By taking a proactive approach in regards to climate change, the bus industry is in a position to successfully adapt

By taking a proactive approach in regards to climate change, the bus industry is in a position to successfully adapt to soon-to-be-introduced environmental regulations.

Under a proposal released by the Federal Government, transport operators will be forced to report their emissions once they use more than 2.5 million litres of fuel.

While the trucking industry has voiced concern over mandatory emissions reporting, Executive Director of the Bus Industry Confederation Michael Apps says bus operators are not too worried.

He points to the industry’s Greenhouse Challenge Program as the reason why. Under the program, operators were required to keep track of emissions and report on them. As such, the industry has a fair idea of what to expect from the mandatory emissions reporting scheme due to come into effect on July 1.

"The industry is well versed on retaining the records," Apps says.

"The industry is being proactive."

He says the Greenhouse Challenge Program was a simple "input and output exercise" because data was automatically calculated. The process was simple to the point that the bus industry is using it again in its Forward Research Program.

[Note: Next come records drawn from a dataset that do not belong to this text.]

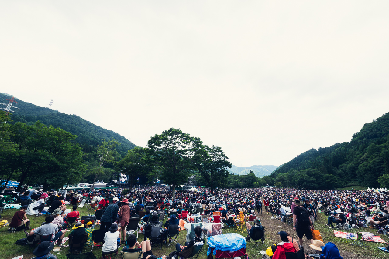 そう何度も実感した“ベースボールシャツのおじさん8人組”ソウルバンド、思い出野郎Aチームのステージは、フロントマン高橋が「ダサい掛け声!」と煽る「キープオンムービン!キープオンダンシン!」のコールでスタート。7年前にルーキーの出演を勝ち取った1曲「グダグダパーティー」だ。途中、“苗場の夜は君と”に歌詞を歌い替えると、すでにご機嫌なヘブンは一気に最高潮!そのまま抜群のグルーヴに乗せ、「Magic Number」を今夜苗場で聴けたら/森の中で一日中ライブを見ている「アホな友達」…と、この日限りの歌詞が次々飛び出し歓声が上がる。その度に苗場にいる喜びを噛み締めた。“売れないバンドマンの彼氏”を歌う「週末はソウルバンド」では「久々にデートかと思えば苗場でフジロックに来ているし、家賃を滞納しているのに三日間通し券は買えるのね」とアレンジ。うまい!を通り越しなぜか感動。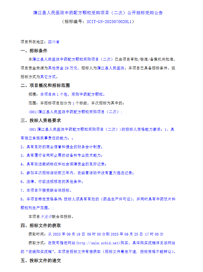 【成都市蒲江县人民医院】四川省成都市蒲江县人民医院中药配方颗粒采购项目(二次)公开招标采购公告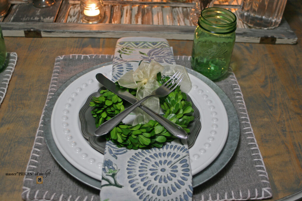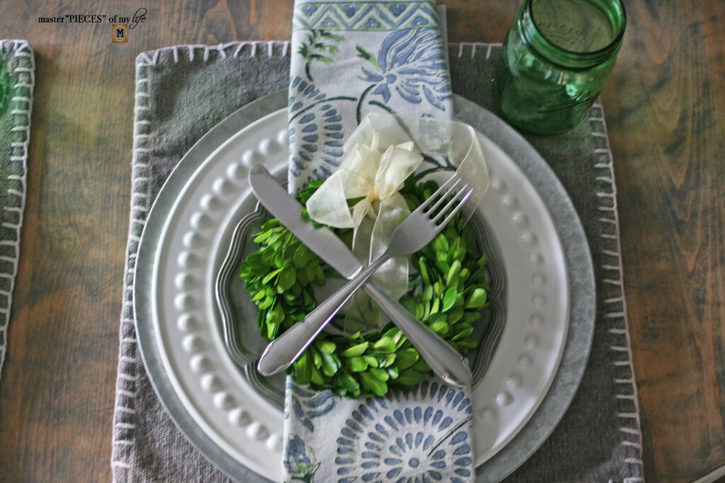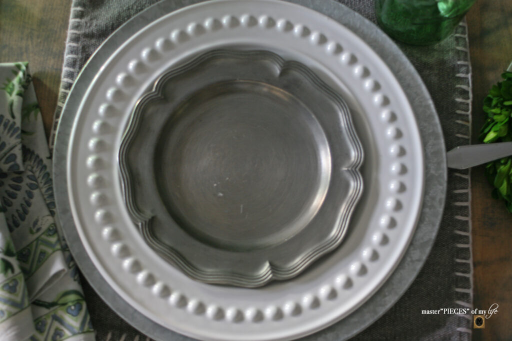 The plate stack starts with a cotton gray placemat, which is followed by a galvanized charger. The charger is then followed by a chunky white Portuguese dinner plate and a pewter accent plate. It is topped off by a preserved boxwood wreath, which adds to the spring | garden vibes, and it is all crowned by the criss-crossed silverware.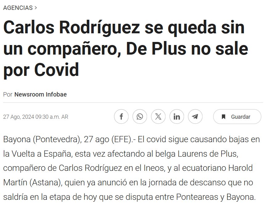 VUELTA DE ESPAÑA Carlos Rodríguez se queda sin un compañero, De Plus no sale por Covid Posted on agosto 27, 2024 por coronado https://www.infobae.com/america/agencias/2024/08/27/carlos-rodriguez-se-queda-sin-un-companero-de-plus-no-sale-por-covid/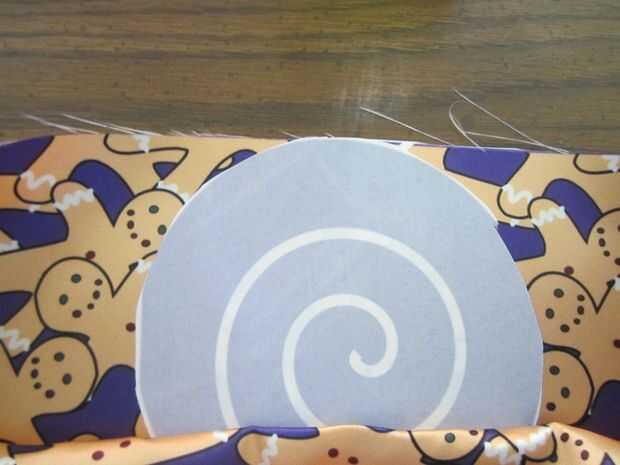 A continuación, prender el borde opuesto del círculo base con el centro de la pieza opuesta de la tela de la "bolsa".

"We have just developed an environment management system which includes voluntary greenhouse record keeping based on the model the Greenhouse Challenge Program had in place," Apps says.

As such, he has dismissed claims the mandatory reporting mechanism, whereby operators may need to report more than once depending on if they operate across borders, will burden industry with mounds of paperwork or be as complex as to create confusion.

"I don’t think it is going to affect anybody in a real economic sense," he says.

"One would have thought that if professional business keeps track of its accounts and its costs, which is a major factor whether it is a bus company or a trucking company, is not that big an exercise."

However, due to the cap set on when a company must report its emissions, there is every chance mandatory reporting may not apply to the bus industry.

"I don’t think that any bus companies will be captured by it," he says.

"We are just not that big and we don’t use that much fuel."

But should any bus operators be forced into emissions trading, Apps wants the Government to consider the level of emissions produced in the context of how many cars buses take off the road.

"They might be using a lot of fuel but they are also saving a lot of emissions because, on average, one bus takes 15 cars off the road," he says.

However, as the Government’s ‘cap and trade’ scheme is still a work in progress, Apps says the industry will need to wait and see how any form of emissions trading will impact on the bus sector.

"It’s actually quite a fuzzy area," he says.

"No-one has worked it out."

As such, Apps says the bus industry is focussing more on current issues that may impact on operators.
"I would be more worried at the moment with the heavy vehicle charges determinations going on at the NTC (National Transport Commission)."

The NTC proposes a 1.367 cents increase to the diesel excise. Apps says bus companies contracted to government agencies can just pass on an increase in running costs while the coach sector will need to decide whether to "absorb that increase or pass it on".